When the contact hole 116 is formed in the epitaxial layer 106 shown in FIG. 4, the process of etching the epitaxial layer 106 as well as the first interlayer insulating layer 102 should be performed. .

Referring to FIG. 6, a first barrier metal layer 120 is formed on sidewalls, bottom surfaces of the contact hole 116, an exposed portion of the single crystal silicon layer pattern, and an upper surface of the second interlayer insulating layer pattern 110a. .

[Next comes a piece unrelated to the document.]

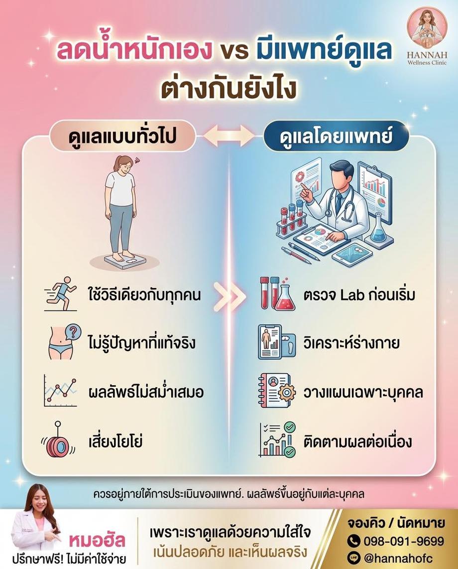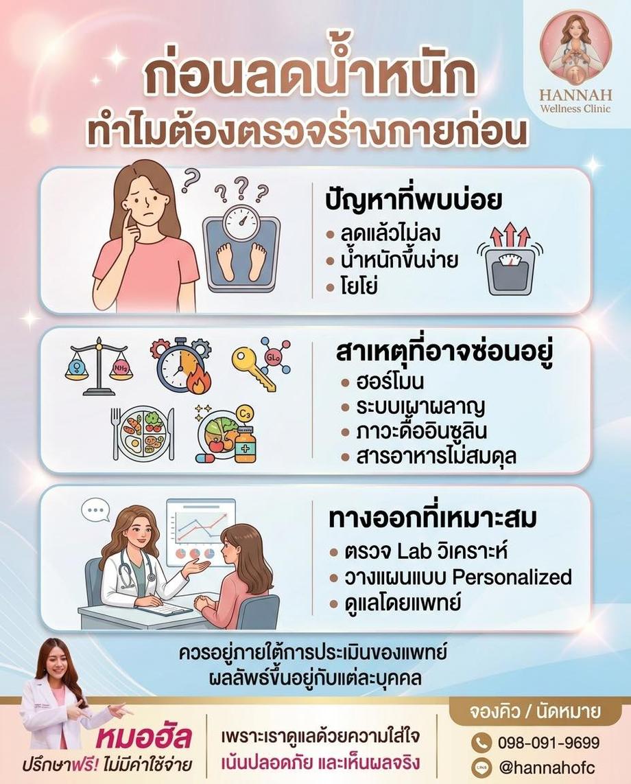 หากคุณกำลังมองหาวิธี ลดน้ำหนัก ที่ไม่ฝืนตัวเอง หรืออยากเริ่มต้น ฟื้นฟูระบบเผาผลาญ อย่างเป็นระบบ สามารถติดต่อทีมงาน Hannah Clinic เพื่อขอคำปรึกษา หรือกดปุ่มติดต่อ บนเว็บไซต์เพื่อนัดหมายพูดคุยกับแพทย์ได้เลย เพราะการดูแลสุขภาพที่ดี เริ่มต้นจากการเข้าใจร่างกายของคุณอย่างแท้จริง

The first barrier metal film 120 may include, for example, titanium, tantalum, cobalt, titanium nitride, tantalum nitride, and cobalt nitride. It is preferable to use these independently, and it can mix and use two or more as needed.

That is, the first barrier metal film 120 may have a single metal film structure or may have a structure in which a metal film / metal nitride film is stacked. It is preferable that the first barrier metal film 120 of this embodiment has a structure in which a titanium film / titanium nitride film is stacked. For example, the metal film is formed to have a thickness of 75 kPa or less, and preferably formed to have a thickness of 50 to 25 kPa.

The first barrier metal layer 120 is preferably formed by a physical vapor deposition process. Since the physical vapor deposition process has a characteristic that it is difficult to form a first barrier metal film having substantially the same thickness in the contact hole, the first barrier metal film is hardly formed on the sidewall of the contact hole. For this reason, the first barrier metal film is formed to have a predetermined thickness only on the exposed portion of the single crystal silicon film pattern and the upper surface of the second interlayer insulating film pattern 110a.

For example, since the process of forming the first barrier metal film is performed at a high temperature, the silicon of the first barrier metal film, the substrate, and the silicon film may inevitably undergo a silicide reaction.

Referring to FIG. 7, an etch back process is performed on the first barrier metal layer 120 to form a first barrier metal layer pattern 120a exposed on the bottom surface of the contact hole 116 and disposed on a single crystal silicon substrate. do.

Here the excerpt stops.